THE DATA:
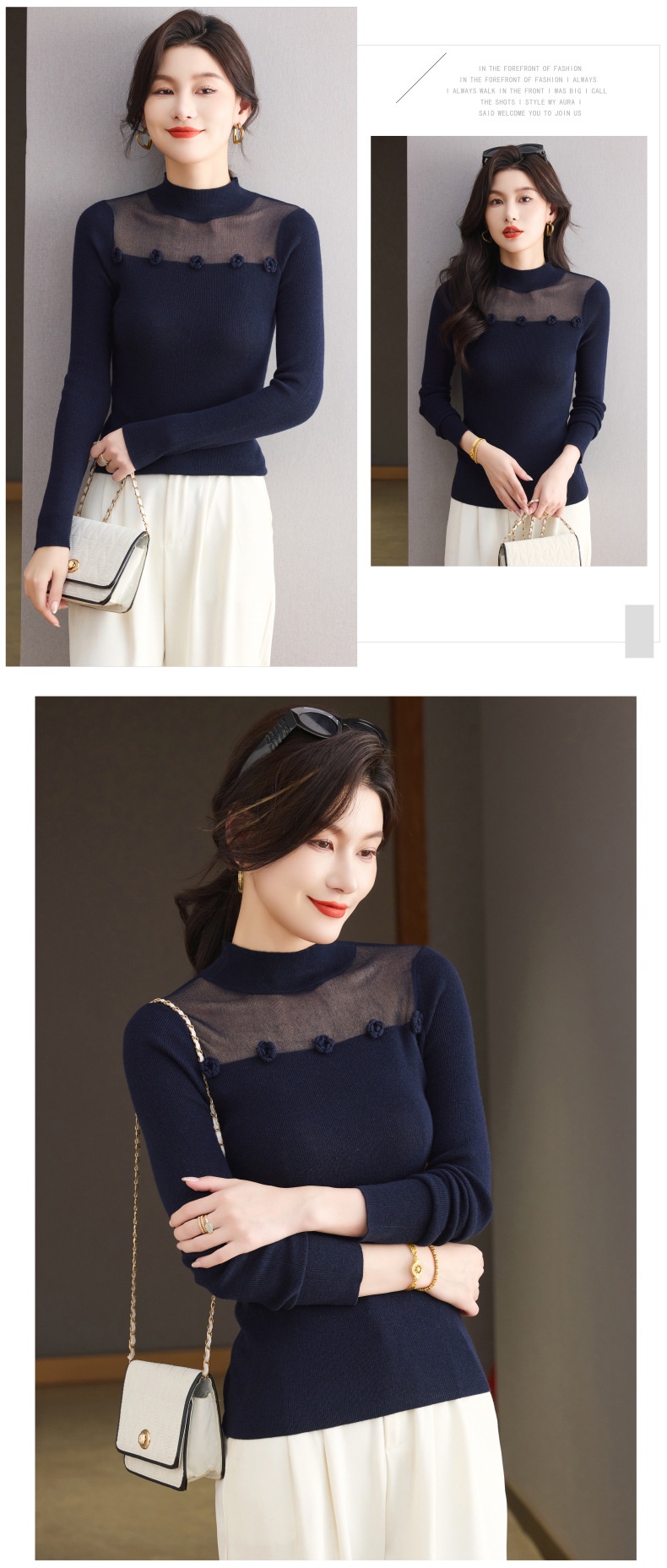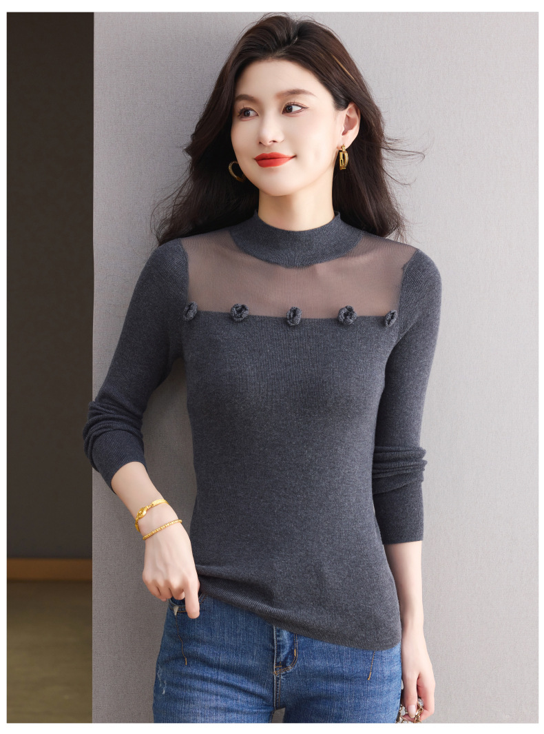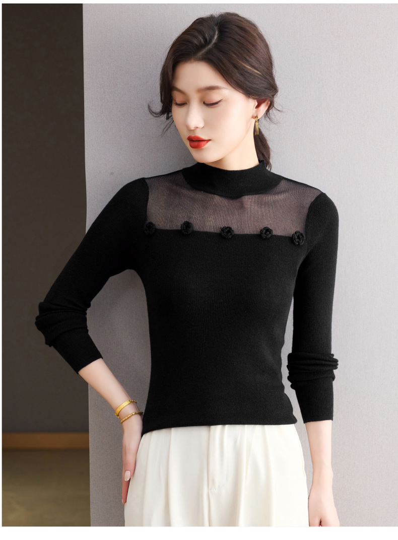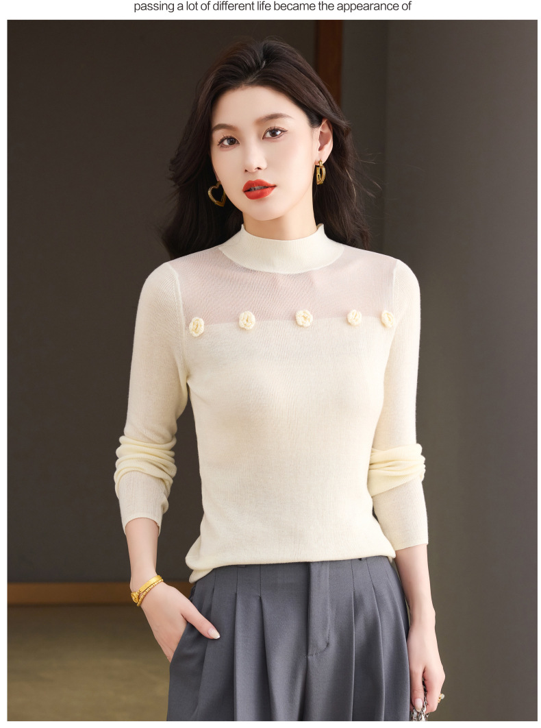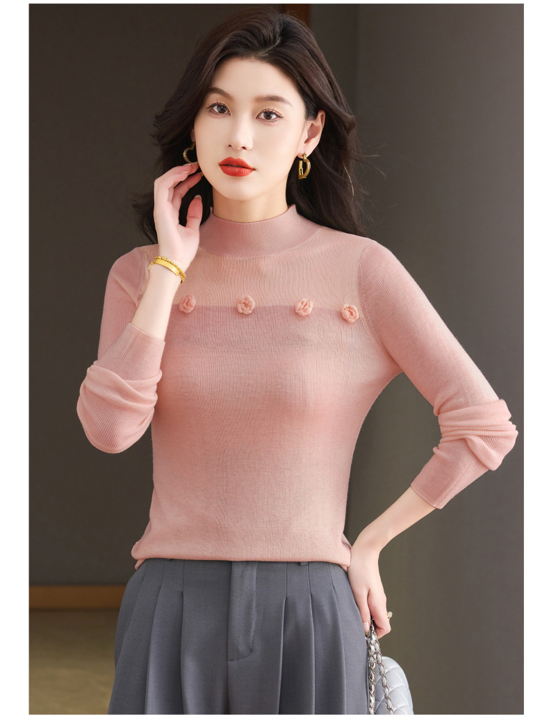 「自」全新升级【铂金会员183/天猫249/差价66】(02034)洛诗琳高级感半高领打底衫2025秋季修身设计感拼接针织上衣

==

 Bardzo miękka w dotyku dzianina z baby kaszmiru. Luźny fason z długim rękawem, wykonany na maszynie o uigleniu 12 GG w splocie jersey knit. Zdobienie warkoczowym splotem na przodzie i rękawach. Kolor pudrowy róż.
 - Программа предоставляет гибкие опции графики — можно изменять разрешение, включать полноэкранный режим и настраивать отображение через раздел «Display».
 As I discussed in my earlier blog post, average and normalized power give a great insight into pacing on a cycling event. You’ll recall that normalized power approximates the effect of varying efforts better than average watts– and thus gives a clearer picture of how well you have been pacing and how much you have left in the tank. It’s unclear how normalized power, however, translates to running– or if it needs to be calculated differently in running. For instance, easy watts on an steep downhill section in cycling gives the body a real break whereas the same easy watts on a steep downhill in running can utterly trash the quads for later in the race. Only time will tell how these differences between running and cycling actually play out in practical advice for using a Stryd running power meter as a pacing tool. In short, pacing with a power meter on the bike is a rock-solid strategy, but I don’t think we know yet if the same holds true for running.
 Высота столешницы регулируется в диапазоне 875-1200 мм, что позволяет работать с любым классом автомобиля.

REQUIREMENT:
Go through the listing above and write out exactly the lines starting with the one holding "- Программа предоставляет" and running through the one holding "Высота столешницы регулируется", ends included, and no others.

EXERCISE ANSWER:
 - Программа предоставляет гибкие опции графики — можно изменять разрешение, включать полноэкранный режим и настраивать отображение через раздел «Display».
 As I discussed in my earlier blog post, average and normalized power give a great insight into pacing on a cycling event. You’ll recall that normalized power approximates the effect of varying efforts better than average watts– and thus gives a clearer picture of how well you have been pacing and how much you have left in the tank. It’s unclear how normalized power, however, translates to running– or if it needs to be calculated differently in running. For instance, easy watts on an steep downhill section in cycling gives the body a real break whereas the same easy watts on a steep downhill in running can utterly trash the quads for later in the race. Only time will tell how these differences between running and cycling actually play out in practical advice for using a Stryd running power meter as a pacing tool. In short, pacing with a power meter on the bike is a rock-solid strategy, but I don’t think we know yet if the same holds true for running.
 Высота столешницы регулируется в диапазоне 875-1200 мм, что позволяет работать с любым классом автомобиля.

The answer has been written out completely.